Give me any public key from which you know the private key, I will divide it by 10. And I will give in return the result in the form of a public key. And you yourself divide the private key by 10, get the public key from it and compare.

[j2002ba2]

@mrxtraf
In the private key group (mod n) we can add, negate, and invert - this allows for multiplication and division.

In the public key group (elliptic curve mod p of size n) we can add, negate, and double only. This leads to multiplication by a scalar.

One public key corresponds to exactly one private key, and vice versa. The proof is very easy. Let G is the generator of secp256k1. Let P=k*G is a point on the curve. Let also P=k'*G. Then (k-k')*G=O => (k-k') divides n. But n is prime, hence k=k' (mod n).
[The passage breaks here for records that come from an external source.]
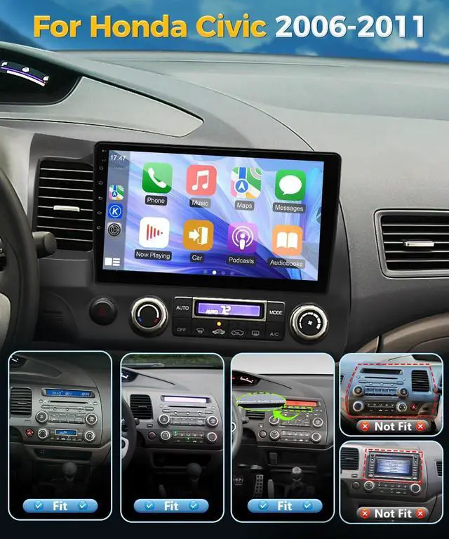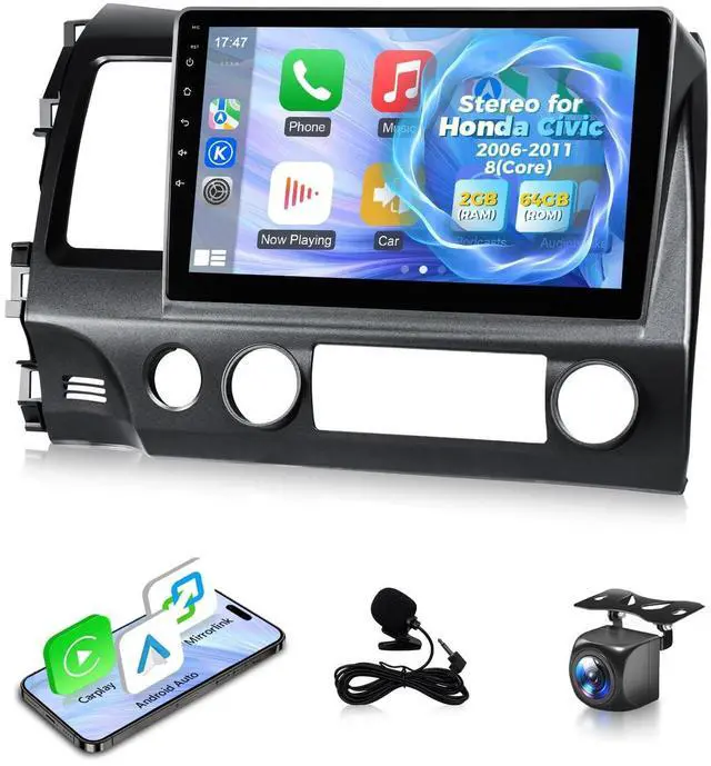 Car Stereo for Honda Civic 2006-2011 This Android radio for Honda Civic 2006 2007 2008 2009 2010 2011 stereo without J-B-L Audio System and Large Screen, no need to purchase additional accessories. 10.1 inch 2.5D HD touch screen, Android 13 system, offline/online GPS navigation, 5G WiFi connection, FM RDS radio and DSP, EQ adjustable, waterproof AHD rear view camera, 8 Core and 2G RAM and 64G ROM, steering wheel control ^^ Wireless/Wired CarPlay & Android Auto For 2007 Honda Civic radio, the wireless connection to iPhone or Android phones enables you to seamlessly use navigation apps like Google Maps and Waze, and music apps like Spotify and Pandora.
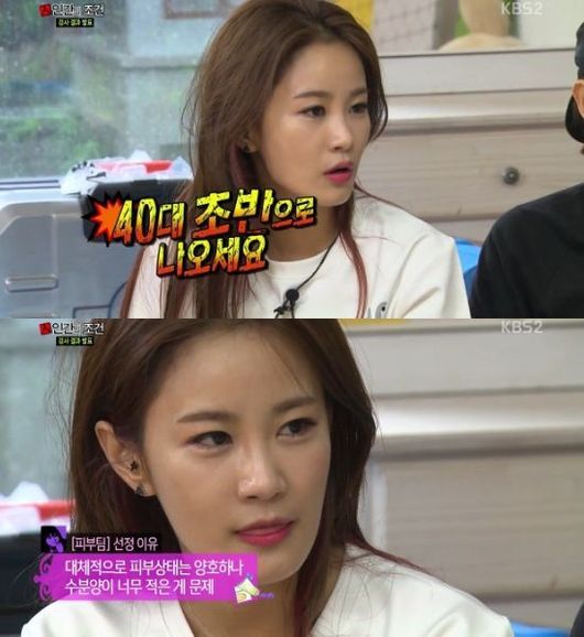 김지민은 9일 오후 방송된 KBS 2TV 예능프로그램 '인간의 조건'에서 의사로부터 "피부에 수분이 제일 적다"며 "수분 함유량이 40대 초반으로 나온다"는 통보를 받았다.
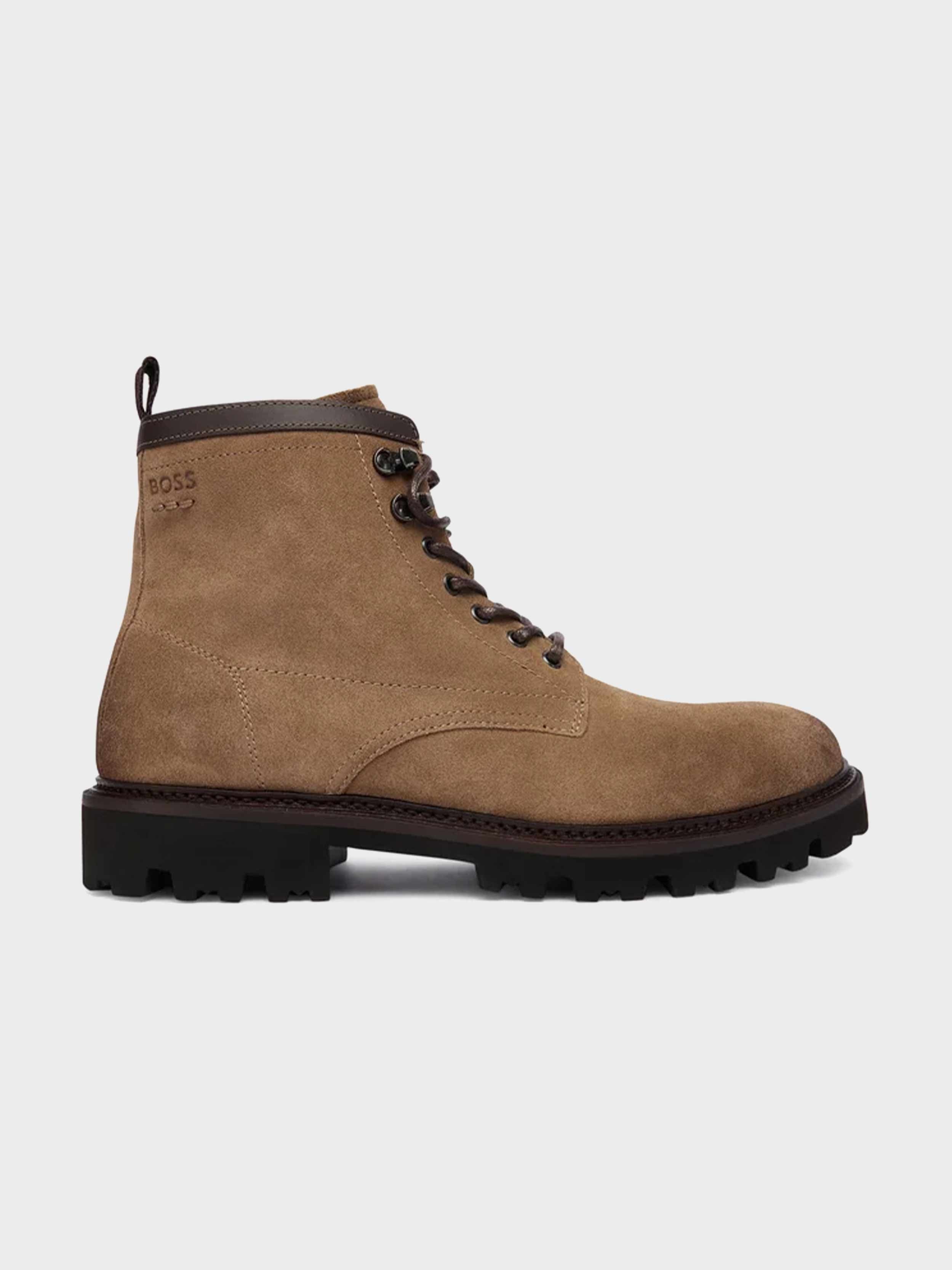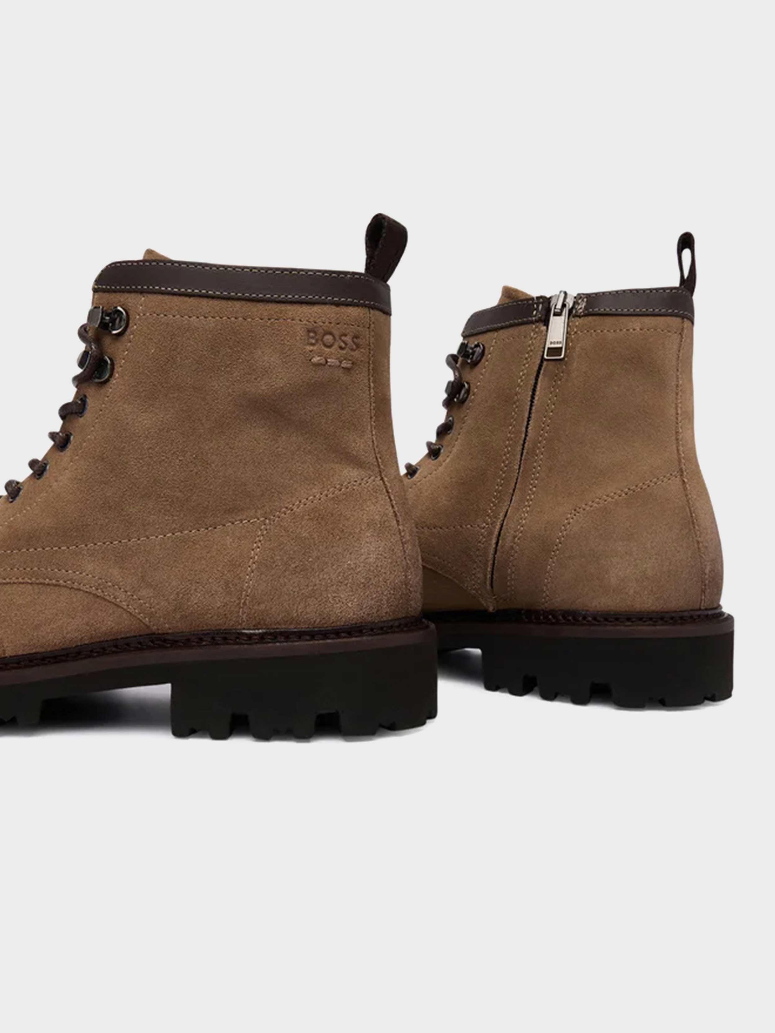 • Add timeless elegance to your wardrobe with these men's ankle boots from BOSS! Crafted from genuine leather, these shoes combine exceptional style with durability. The round toe gives them a classic touch, while the double zip and lace closure ensures a perfect fit and comfort. These ankle boots are a perfect choice for everyday wear and special occasions, offering unparalleled comfort and a sophisticated look. They work well with both casual and more formal outfits, adding a touch of luxury.

That is, you can’t divide the public key by 10?
Give me any public key from which you know the private key, I will divide it by 10. And I will give in return the result in the form of a public key. And you yourself divide the private key by 10, get the public key from it and compare.

The multiplication (and division, which is multiplication with the inverse) is by scalar only. You cannot multiply two public keys without solving ECDLP first. And if you somehow can, then all coins are belong to you.